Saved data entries
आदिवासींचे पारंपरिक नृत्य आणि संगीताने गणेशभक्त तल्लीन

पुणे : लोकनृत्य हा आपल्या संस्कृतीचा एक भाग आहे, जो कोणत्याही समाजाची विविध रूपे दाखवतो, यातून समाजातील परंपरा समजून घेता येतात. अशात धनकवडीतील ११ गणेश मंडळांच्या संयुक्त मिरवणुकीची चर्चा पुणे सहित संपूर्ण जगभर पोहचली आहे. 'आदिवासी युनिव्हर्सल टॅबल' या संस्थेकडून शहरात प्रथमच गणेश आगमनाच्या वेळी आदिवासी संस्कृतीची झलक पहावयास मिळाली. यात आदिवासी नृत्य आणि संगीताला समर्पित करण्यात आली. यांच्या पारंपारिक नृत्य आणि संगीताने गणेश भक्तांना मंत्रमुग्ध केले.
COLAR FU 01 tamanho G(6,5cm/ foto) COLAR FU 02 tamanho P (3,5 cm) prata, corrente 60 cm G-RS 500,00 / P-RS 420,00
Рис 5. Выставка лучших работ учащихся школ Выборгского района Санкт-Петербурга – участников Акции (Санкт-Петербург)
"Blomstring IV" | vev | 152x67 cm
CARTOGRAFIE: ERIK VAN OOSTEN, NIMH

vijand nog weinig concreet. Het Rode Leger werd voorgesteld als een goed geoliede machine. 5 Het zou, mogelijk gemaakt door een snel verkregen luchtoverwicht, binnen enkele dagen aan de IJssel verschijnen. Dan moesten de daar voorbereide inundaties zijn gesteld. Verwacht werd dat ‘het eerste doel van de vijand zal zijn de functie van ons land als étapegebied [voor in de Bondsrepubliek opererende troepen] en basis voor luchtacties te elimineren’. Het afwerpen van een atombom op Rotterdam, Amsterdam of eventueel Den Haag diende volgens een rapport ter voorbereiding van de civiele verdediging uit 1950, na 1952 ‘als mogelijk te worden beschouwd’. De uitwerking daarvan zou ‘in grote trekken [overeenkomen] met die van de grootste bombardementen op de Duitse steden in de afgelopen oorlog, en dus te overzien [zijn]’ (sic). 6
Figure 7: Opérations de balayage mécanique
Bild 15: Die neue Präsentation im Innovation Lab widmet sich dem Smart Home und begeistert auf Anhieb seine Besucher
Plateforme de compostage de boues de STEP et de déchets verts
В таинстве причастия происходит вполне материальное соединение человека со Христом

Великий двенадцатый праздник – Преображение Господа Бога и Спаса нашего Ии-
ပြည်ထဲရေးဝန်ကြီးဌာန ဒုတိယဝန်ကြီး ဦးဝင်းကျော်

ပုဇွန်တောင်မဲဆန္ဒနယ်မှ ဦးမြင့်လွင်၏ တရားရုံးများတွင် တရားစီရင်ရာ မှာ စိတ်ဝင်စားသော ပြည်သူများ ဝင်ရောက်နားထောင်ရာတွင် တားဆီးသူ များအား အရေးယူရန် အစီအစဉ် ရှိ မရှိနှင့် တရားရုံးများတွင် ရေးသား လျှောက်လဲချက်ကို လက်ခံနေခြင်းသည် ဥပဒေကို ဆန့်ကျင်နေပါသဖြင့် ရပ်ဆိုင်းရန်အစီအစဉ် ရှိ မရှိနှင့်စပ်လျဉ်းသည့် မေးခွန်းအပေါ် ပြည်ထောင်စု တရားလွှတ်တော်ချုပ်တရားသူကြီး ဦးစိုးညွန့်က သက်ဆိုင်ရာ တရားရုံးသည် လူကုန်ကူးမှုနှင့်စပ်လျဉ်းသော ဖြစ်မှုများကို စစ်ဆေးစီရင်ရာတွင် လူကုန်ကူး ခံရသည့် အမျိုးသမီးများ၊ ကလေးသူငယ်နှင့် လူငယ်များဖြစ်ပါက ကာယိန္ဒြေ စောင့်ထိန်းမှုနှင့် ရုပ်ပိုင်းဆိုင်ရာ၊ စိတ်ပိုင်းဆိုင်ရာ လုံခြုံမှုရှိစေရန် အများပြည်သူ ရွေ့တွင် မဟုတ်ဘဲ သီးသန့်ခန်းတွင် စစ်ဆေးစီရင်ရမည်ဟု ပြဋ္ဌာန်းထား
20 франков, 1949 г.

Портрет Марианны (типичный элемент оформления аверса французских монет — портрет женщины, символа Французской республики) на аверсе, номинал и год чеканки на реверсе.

### Task to complete
Output every record in full, exactly as it was given.

### Result
आदिवासींचे पारंपरिक नृत्य आणि संगीताने गणेशभक्त तल्लीन

पुणे : लोकनृत्य हा आपल्या संस्कृतीचा एक भाग आहे, जो कोणत्याही समाजाची विविध रूपे दाखवतो, यातून समाजातील परंपरा समजून घेता येतात. अशात धनकवडीतील ११ गणेश मंडळांच्या संयुक्त मिरवणुकीची चर्चा पुणे सहित संपूर्ण जगभर पोहचली आहे. 'आदिवासी युनिव्हर्सल टॅबल' या संस्थेकडून शहरात प्रथमच गणेश आगमनाच्या वेळी आदिवासी संस्कृतीची झलक पहावयास मिळाली. यात आदिवासी नृत्य आणि संगीताला समर्पित करण्यात आली. यांच्या पारंपारिक नृत्य आणि संगीताने गणेश भक्तांना मंत्रमुग्ध केले.
COLAR FU 01 tamanho G(6,5cm/ foto) COLAR FU 02 tamanho P (3,5 cm) prata, corrente 60 cm G-RS 500,00 / P-RS 420,00
Рис 5. Выставка лучших работ учащихся школ Выборгского района Санкт-Петербурга – участников Акции (Санкт-Петербург)
"Blomstring IV" | vev | 152x67 cm
CARTOGRAFIE: ERIK VAN OOSTEN, NIMH

vijand nog weinig concreet. Het Rode Leger werd voorgesteld als een goed geoliede machine. 5 Het zou, mogelijk gemaakt door een snel verkregen luchtoverwicht, binnen enkele dagen aan de IJssel verschijnen. Dan moesten de daar voorbereide inundaties zijn gesteld. Verwacht werd dat ‘het eerste doel van de vijand zal zijn de functie van ons land als étapegebied [voor in de Bondsrepubliek opererende troepen] en basis voor luchtacties te elimineren’. Het afwerpen van een atombom op Rotterdam, Amsterdam of eventueel Den Haag diende volgens een rapport ter voorbereiding van de civiele verdediging uit 1950, na 1952 ‘als mogelijk te worden beschouwd’. De uitwerking daarvan zou ‘in grote trekken [overeenkomen] met die van de grootste bombardementen op de Duitse steden in de afgelopen oorlog, en dus te overzien [zijn]’ (sic). 6
Figure 7: Opérations de balayage mécanique
Bild 15: Die neue Präsentation im Innovation Lab widmet sich dem Smart Home und begeistert auf Anhieb seine Besucher
Plateforme de compostage de boues de STEP et de déchets verts
В таинстве причастия происходит вполне материальное соединение человека со Христом

Великий двенадцатый праздник – Преображение Господа Бога и Спаса нашего Ии-
ပြည်ထဲရေးဝန်ကြီးဌာန ဒုတိယဝန်ကြီး ဦးဝင်းကျော်

ပုဇွန်တောင်မဲဆန္ဒနယ်မှ ဦးမြင့်လွင်၏ တရားရုံးများတွင် တရားစီရင်ရာ မှာ စိတ်ဝင်စားသော ပြည်သူများ ဝင်ရောက်နားထောင်ရာတွင် တားဆီးသူ များအား အရေးယူရန် အစီအစဉ် ရှိ မရှိနှင့် တရားရုံးများတွင် ရေးသား လျှောက်လဲချက်ကို လက်ခံနေခြင်းသည် ဥပဒေကို ဆန့်ကျင်နေပါသဖြင့် ရပ်ဆိုင်းရန်အစီအစဉ် ရှိ မရှိနှင့်စပ်လျဉ်းသည့် မေးခွန်းအပေါ် ပြည်ထောင်စု တရားလွှတ်တော်ချုပ်တရားသူကြီး ဦးစိုးညွန့်က သက်ဆိုင်ရာ တရားရုံးသည် လူကုန်ကူးမှုနှင့်စပ်လျဉ်းသော ဖြစ်မှုများကို စစ်ဆေးစီရင်ရာတွင် လူကုန်ကူး ခံရသည့် အမျိုးသမီးများ၊ ကလေးသူငယ်နှင့် လူငယ်များဖြစ်ပါက ကာယိန္ဒြေ စောင့်ထိန်းမှုနှင့် ရုပ်ပိုင်းဆိုင်ရာ၊ စိတ်ပိုင်းဆိုင်ရာ လုံခြုံမှုရှိစေရန် အများပြည်သူ ရွေ့တွင် မဟုတ်ဘဲ သီးသန့်ခန်းတွင် စစ်ဆေးစီရင်ရမည်ဟု ပြဋ္ဌာန်းထား
20 франков, 1949 г.

Портрет Марианны (типичный элемент оформления аверса французских монет — портрет женщины, символа Французской республики) на аверсе, номинал и год чеканки на реверсе.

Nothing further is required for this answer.